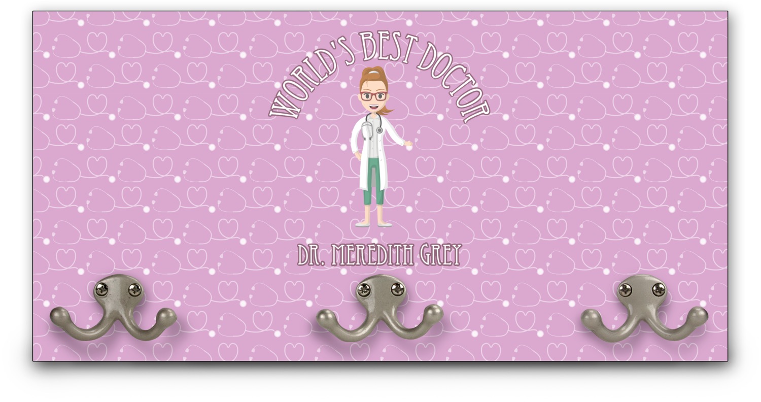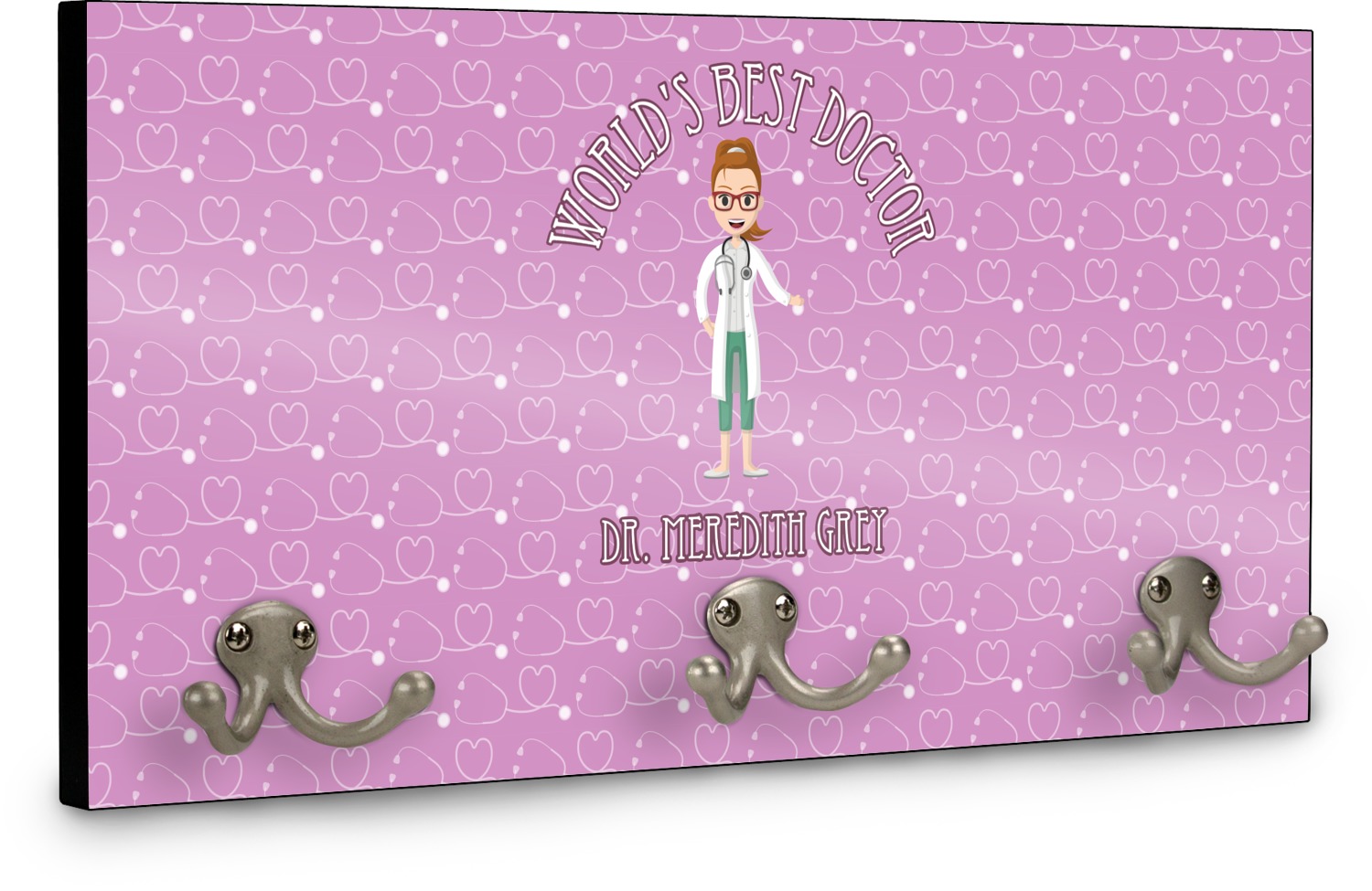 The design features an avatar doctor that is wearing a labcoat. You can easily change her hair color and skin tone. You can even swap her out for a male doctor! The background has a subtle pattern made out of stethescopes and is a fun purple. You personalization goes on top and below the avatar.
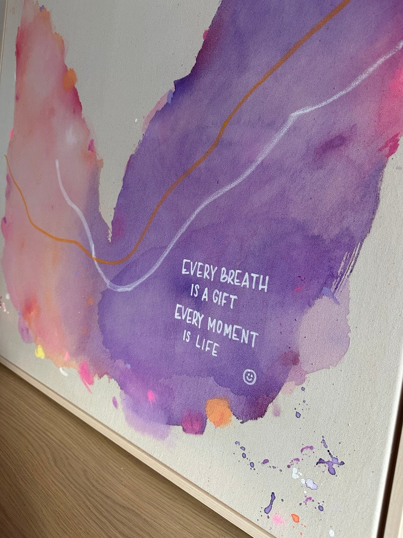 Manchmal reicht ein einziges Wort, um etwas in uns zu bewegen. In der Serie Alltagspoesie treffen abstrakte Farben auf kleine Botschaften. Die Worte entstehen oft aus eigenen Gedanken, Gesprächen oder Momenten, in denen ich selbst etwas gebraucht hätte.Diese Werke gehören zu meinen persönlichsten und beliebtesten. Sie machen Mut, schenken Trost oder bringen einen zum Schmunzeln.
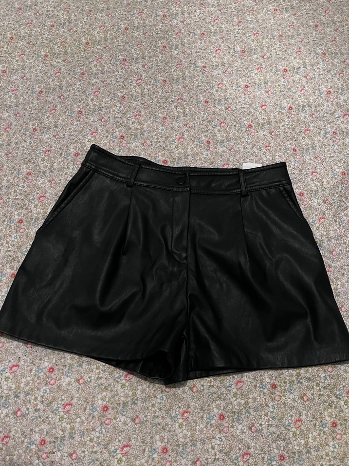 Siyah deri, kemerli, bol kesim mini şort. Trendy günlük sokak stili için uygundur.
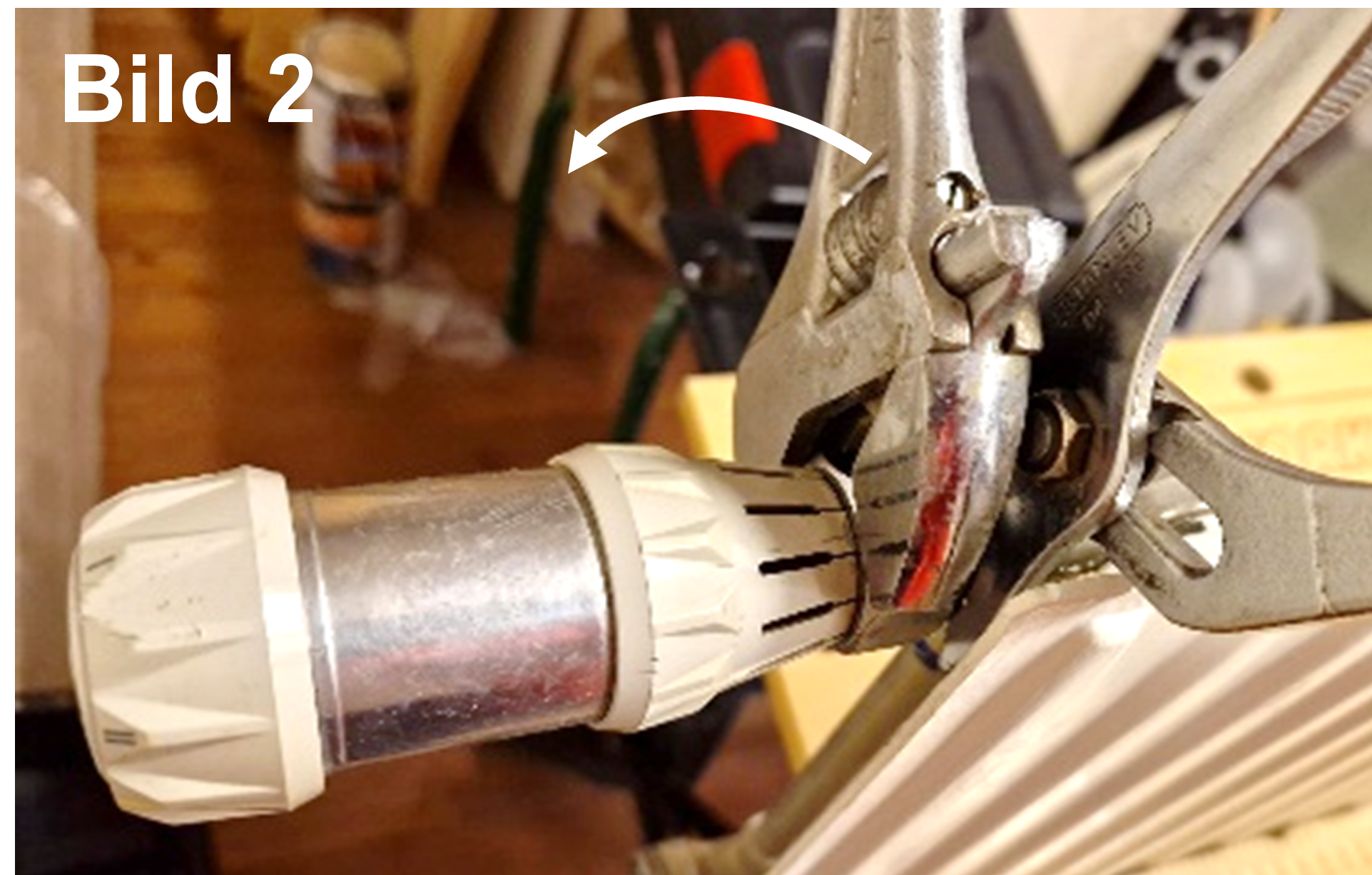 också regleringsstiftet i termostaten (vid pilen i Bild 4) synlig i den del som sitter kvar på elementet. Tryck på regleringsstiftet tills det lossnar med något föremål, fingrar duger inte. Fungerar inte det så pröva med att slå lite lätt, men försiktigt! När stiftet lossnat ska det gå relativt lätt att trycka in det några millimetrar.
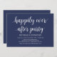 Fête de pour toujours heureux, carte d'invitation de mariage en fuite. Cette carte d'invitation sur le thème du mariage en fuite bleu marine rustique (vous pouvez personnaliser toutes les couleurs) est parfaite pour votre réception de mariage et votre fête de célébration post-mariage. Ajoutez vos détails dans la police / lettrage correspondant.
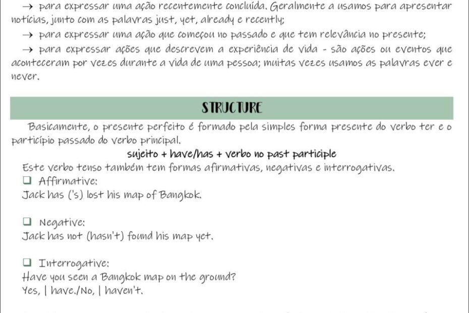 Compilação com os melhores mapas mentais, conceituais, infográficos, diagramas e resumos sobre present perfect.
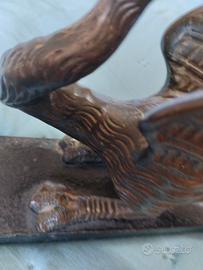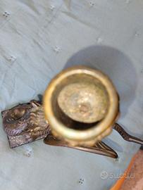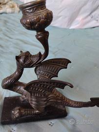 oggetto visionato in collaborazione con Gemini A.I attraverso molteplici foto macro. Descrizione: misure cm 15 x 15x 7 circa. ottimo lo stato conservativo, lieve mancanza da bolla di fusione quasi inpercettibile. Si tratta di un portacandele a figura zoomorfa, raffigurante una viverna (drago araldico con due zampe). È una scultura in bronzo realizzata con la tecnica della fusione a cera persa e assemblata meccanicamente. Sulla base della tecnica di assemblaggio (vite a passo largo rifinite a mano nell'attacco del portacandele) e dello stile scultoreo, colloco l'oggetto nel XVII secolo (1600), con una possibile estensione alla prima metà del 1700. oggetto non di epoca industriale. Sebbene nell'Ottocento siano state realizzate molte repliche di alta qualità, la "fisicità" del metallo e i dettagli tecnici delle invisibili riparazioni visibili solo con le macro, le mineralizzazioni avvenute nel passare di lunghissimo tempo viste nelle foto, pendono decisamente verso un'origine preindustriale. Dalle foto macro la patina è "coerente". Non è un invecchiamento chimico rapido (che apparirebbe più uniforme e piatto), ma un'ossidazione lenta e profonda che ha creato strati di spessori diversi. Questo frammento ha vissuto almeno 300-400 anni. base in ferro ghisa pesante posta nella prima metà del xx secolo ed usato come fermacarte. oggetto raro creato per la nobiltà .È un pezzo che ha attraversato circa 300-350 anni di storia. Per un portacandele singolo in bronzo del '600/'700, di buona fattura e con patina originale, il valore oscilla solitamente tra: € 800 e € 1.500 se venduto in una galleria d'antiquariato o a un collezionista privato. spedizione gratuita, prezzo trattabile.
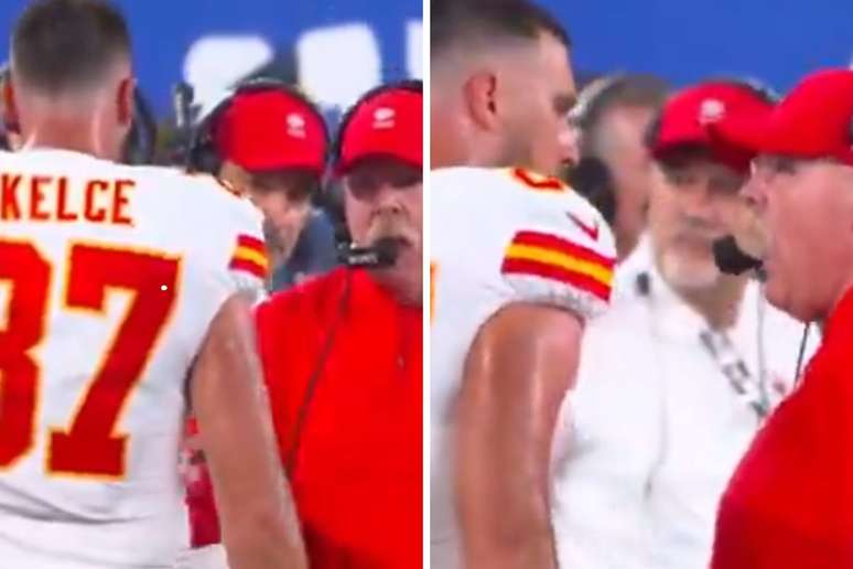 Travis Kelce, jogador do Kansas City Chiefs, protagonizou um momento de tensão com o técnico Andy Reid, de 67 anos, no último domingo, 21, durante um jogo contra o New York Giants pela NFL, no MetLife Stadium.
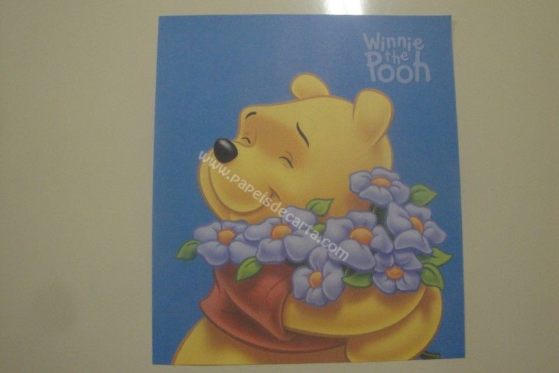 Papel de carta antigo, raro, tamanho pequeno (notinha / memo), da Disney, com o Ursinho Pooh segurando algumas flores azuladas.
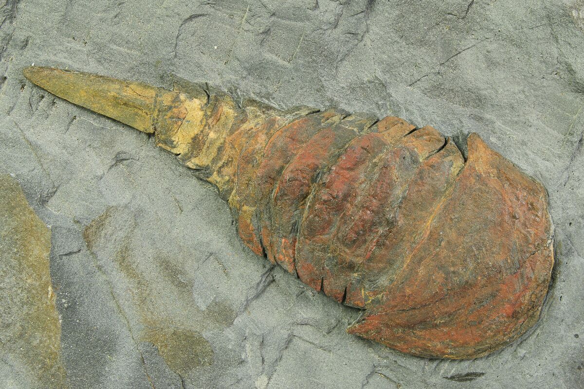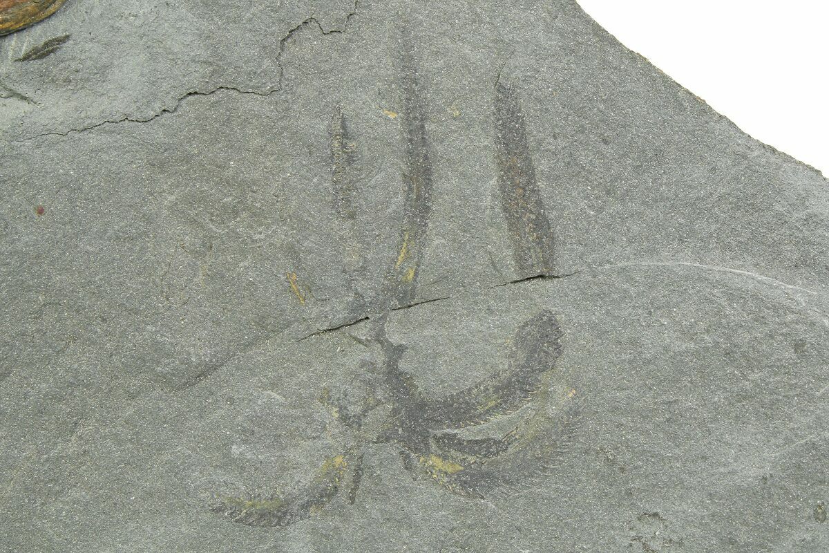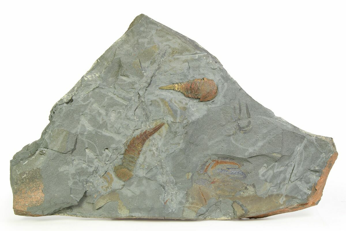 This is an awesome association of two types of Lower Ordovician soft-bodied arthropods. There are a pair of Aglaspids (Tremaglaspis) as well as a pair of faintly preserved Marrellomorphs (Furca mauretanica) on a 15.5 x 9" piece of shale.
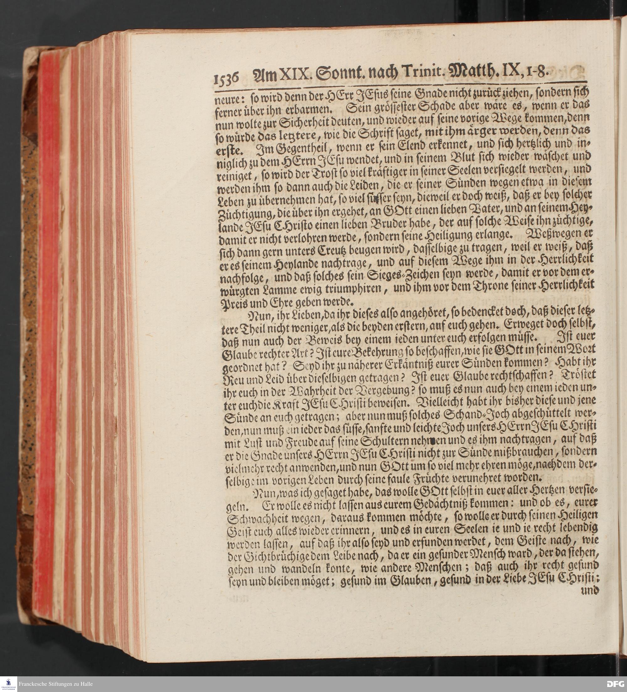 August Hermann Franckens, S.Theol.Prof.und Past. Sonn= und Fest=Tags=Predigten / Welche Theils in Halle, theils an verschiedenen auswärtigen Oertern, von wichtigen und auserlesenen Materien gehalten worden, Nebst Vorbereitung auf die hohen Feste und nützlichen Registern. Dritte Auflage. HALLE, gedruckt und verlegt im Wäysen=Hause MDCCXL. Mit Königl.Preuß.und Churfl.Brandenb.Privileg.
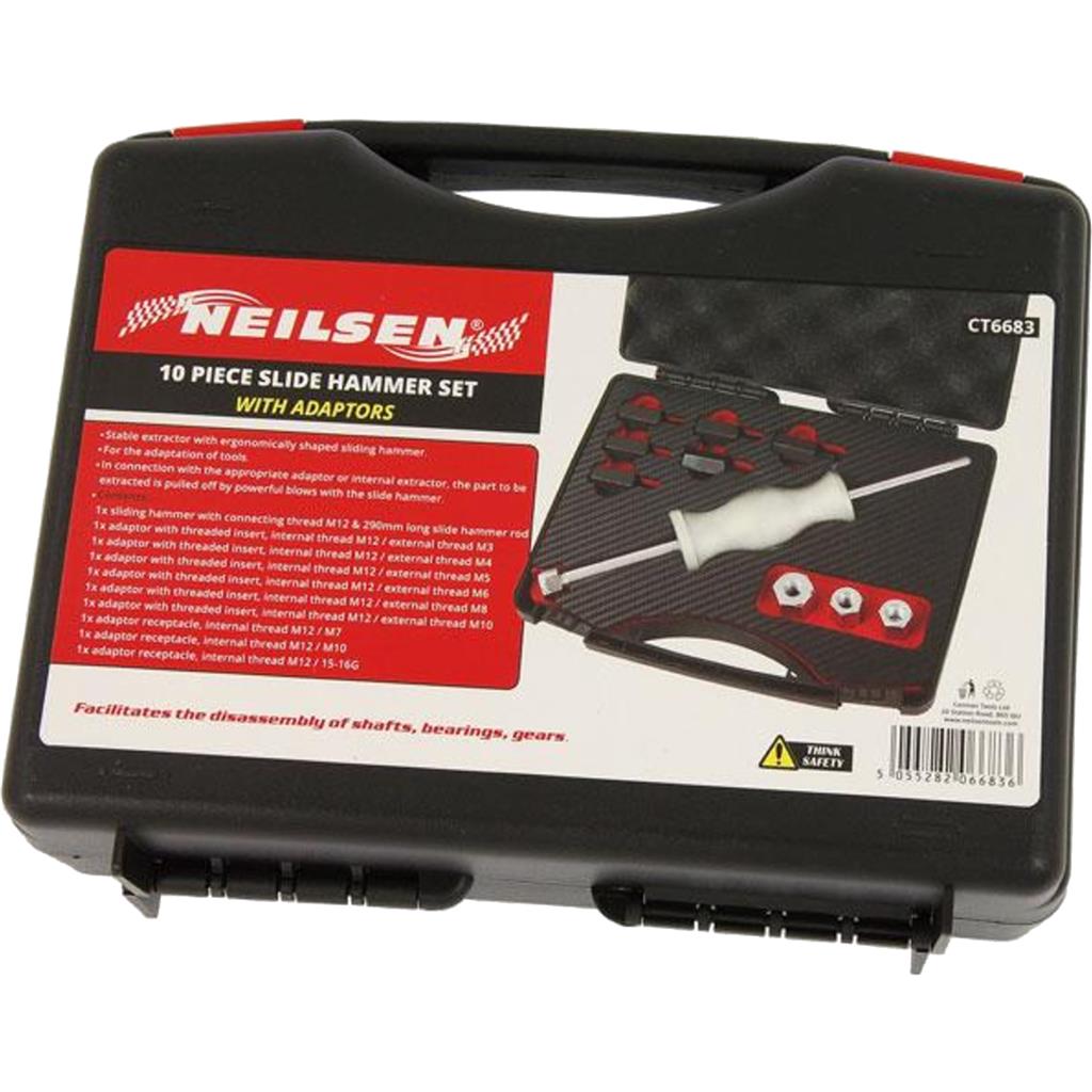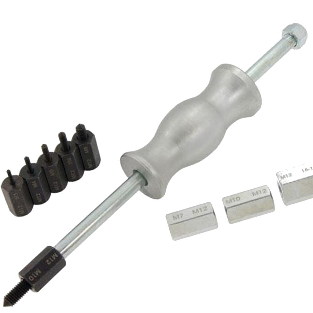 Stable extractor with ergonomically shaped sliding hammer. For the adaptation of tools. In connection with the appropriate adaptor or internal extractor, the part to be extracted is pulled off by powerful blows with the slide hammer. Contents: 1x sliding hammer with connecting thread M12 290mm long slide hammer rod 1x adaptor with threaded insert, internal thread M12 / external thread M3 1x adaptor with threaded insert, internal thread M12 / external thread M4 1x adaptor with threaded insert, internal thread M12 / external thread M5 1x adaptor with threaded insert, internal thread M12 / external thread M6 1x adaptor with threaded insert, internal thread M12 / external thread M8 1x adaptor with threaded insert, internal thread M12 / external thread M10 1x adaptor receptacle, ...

▶ What needs to be done: Copy the data precisely. Skip every picture.

▶ Answer to this problem:
 The design features an avatar doctor that is wearing a labcoat. You can easily change her hair color and skin tone. You can even swap her out for a male doctor! The background has a subtle pattern made out of stethescopes and is a fun purple. You personalization goes on top and below the avatar.
 Manchmal reicht ein einziges Wort, um etwas in uns zu bewegen. In der Serie Alltagspoesie treffen abstrakte Farben auf kleine Botschaften. Die Worte entstehen oft aus eigenen Gedanken, Gesprächen oder Momenten, in denen ich selbst etwas gebraucht hätte.Diese Werke gehören zu meinen persönlichsten und beliebtesten. Sie machen Mut, schenken Trost oder bringen einen zum Schmunzeln.
 Siyah deri, kemerli, bol kesim mini şort. Trendy günlük sokak stili için uygundur.
 också regleringsstiftet i termostaten (vid pilen i Bild 4) synlig i den del som sitter kvar på elementet. Tryck på regleringsstiftet tills det lossnar med något föremål, fingrar duger inte. Fungerar inte det så pröva med att slå lite lätt, men försiktigt! När stiftet lossnat ska det gå relativt lätt att trycka in det några millimetrar.
 Fête de pour toujours heureux, carte d'invitation de mariage en fuite. Cette carte d'invitation sur le thème du mariage en fuite bleu marine rustique (vous pouvez personnaliser toutes les couleurs) est parfaite pour votre réception de mariage et votre fête de célébration post-mariage. Ajoutez vos détails dans la police / lettrage correspondant.
 Compilação com os melhores mapas mentais, conceituais, infográficos, diagramas e resumos sobre present perfect.
 oggetto visionato in collaborazione con Gemini A.I attraverso molteplici foto macro. Descrizione: misure cm 15 x 15x 7 circa. ottimo lo stato conservativo, lieve mancanza da bolla di fusione quasi inpercettibile. Si tratta di un portacandele a figura zoomorfa, raffigurante una viverna (drago araldico con due zampe). È una scultura in bronzo realizzata con la tecnica della fusione a cera persa e assemblata meccanicamente. Sulla base della tecnica di assemblaggio (vite a passo largo rifinite a mano nell'attacco del portacandele) e dello stile scultoreo, colloco l'oggetto nel XVII secolo (1600), con una possibile estensione alla prima metà del 1700. oggetto non di epoca industriale. Sebbene nell'Ottocento siano state realizzate molte repliche di alta qualità, la "fisicità" del metallo e i dettagli tecnici delle invisibili riparazioni visibili solo con le macro, le mineralizzazioni avvenute nel passare di lunghissimo tempo viste nelle foto, pendono decisamente verso un'origine preindustriale. Dalle foto macro la patina è "coerente". Non è un invecchiamento chimico rapido (che apparirebbe più uniforme e piatto), ma un'ossidazione lenta e profonda che ha creato strati di spessori diversi. Questo frammento ha vissuto almeno 300-400 anni. base in ferro ghisa pesante posta nella prima metà del xx secolo ed usato come fermacarte. oggetto raro creato per la nobiltà .È un pezzo che ha attraversato circa 300-350 anni di storia. Per un portacandele singolo in bronzo del '600/'700, di buona fattura e con patina originale, il valore oscilla solitamente tra: € 800 e € 1.500 se venduto in una galleria d'antiquariato o a un collezionista privato. spedizione gratuita, prezzo trattabile.
 Travis Kelce, jogador do Kansas City Chiefs, protagonizou um momento de tensão com o técnico Andy Reid, de 67 anos, no último domingo, 21, durante um jogo contra o New York Giants pela NFL, no MetLife Stadium.
 Papel de carta antigo, raro, tamanho pequeno (notinha / memo), da Disney, com o Ursinho Pooh segurando algumas flores azuladas.
 This is an awesome association of two types of Lower Ordovician soft-bodied arthropods. There are a pair of Aglaspids (Tremaglaspis) as well as a pair of faintly preserved Marrellomorphs (Furca mauretanica) on a 15.5 x 9" piece of shale.
 August Hermann Franckens, S.Theol.Prof.und Past. Sonn= und Fest=Tags=Predigten / Welche Theils in Halle, theils an verschiedenen auswärtigen Oertern, von wichtigen und auserlesenen Materien gehalten worden, Nebst Vorbereitung auf die hohen Feste und nützlichen Registern. Dritte Auflage. HALLE, gedruckt und verlegt im Wäysen=Hause MDCCXL. Mit Königl.Preuß.und Churfl.Brandenb.Privileg.
 Stable extractor with ergonomically shaped sliding hammer. For the adaptation of tools. In connection with the appropriate adaptor or internal extractor, the part to be extracted is pulled off by powerful blows with the slide hammer. Contents: 1x sliding hammer with connecting thread M12 290mm long slide hammer rod 1x adaptor with threaded insert, internal thread M12 / external thread M3 1x adaptor with threaded insert, internal thread M12 / external thread M4 1x adaptor with threaded insert, internal thread M12 / external thread M5 1x adaptor with threaded insert, internal thread M12 / external thread M6 1x adaptor with threaded insert, internal thread M12 / external thread M8 1x adaptor with threaded insert, internal thread M12 / external thread M10 1x adaptor receptacle, ...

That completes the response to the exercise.